# red dot turkey scope?



## Radar21 (Jun 20, 2008)

Any recomendations??? Tasco, Bushnell?


----------



## duckmander (Aug 25, 2008)

the only thing i don't like about mine is i either have to turn it on and leave it. or they get in my lap and i need to turn it on. if i leave it on i usually find the battery is dead when i am ready to shoot..

but when it all works out right you cant beat one.

my buddy just put a Bushnell hollow sight on a bull pup 9mm something. 
I'm not into those type of guns. but i looked through that scope directly at the sun and i could still see the retical. this don't happen with a red dot.

i have since gone to fiber optic rifle sights. and love them. not as much as the red dot but no batteries required.

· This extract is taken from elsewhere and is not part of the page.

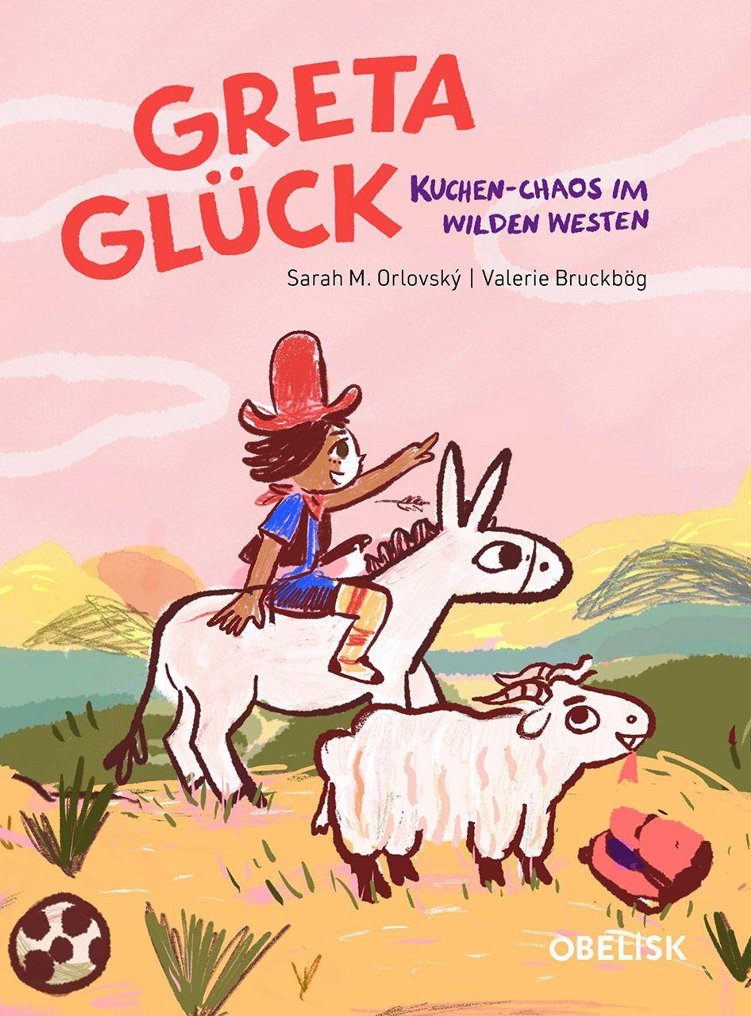 "GRETA GLÜCK: Kuchen-Chaos im Wilden Westen" von Sarah M. Orlovský, Valerie Bruckbög. Illustration von Kind auf Esel in Wüstenlandschaft., Buch

i think the hollow sight is the ticket. check one out and see what you think.

good luck.


----------



## Wyomingpredator (Oct 16, 2007)

one thing to keep in mind is red dot scopes are illegal in a couple states. I know Wyoming they are illegal. Thr reasoning is that state law says you cannot use artificial light to hunt. The law is not intended for these it is intended for spottlighting but has not been modified. the law is more specific than that but thats the main point.


----------



## Bernie P. (Sep 25, 2008)

My 835 has fiber optics on the turkey barrel.I put a Bushnell RD on the slug barrel.Works great and should work as well for turkey.


----------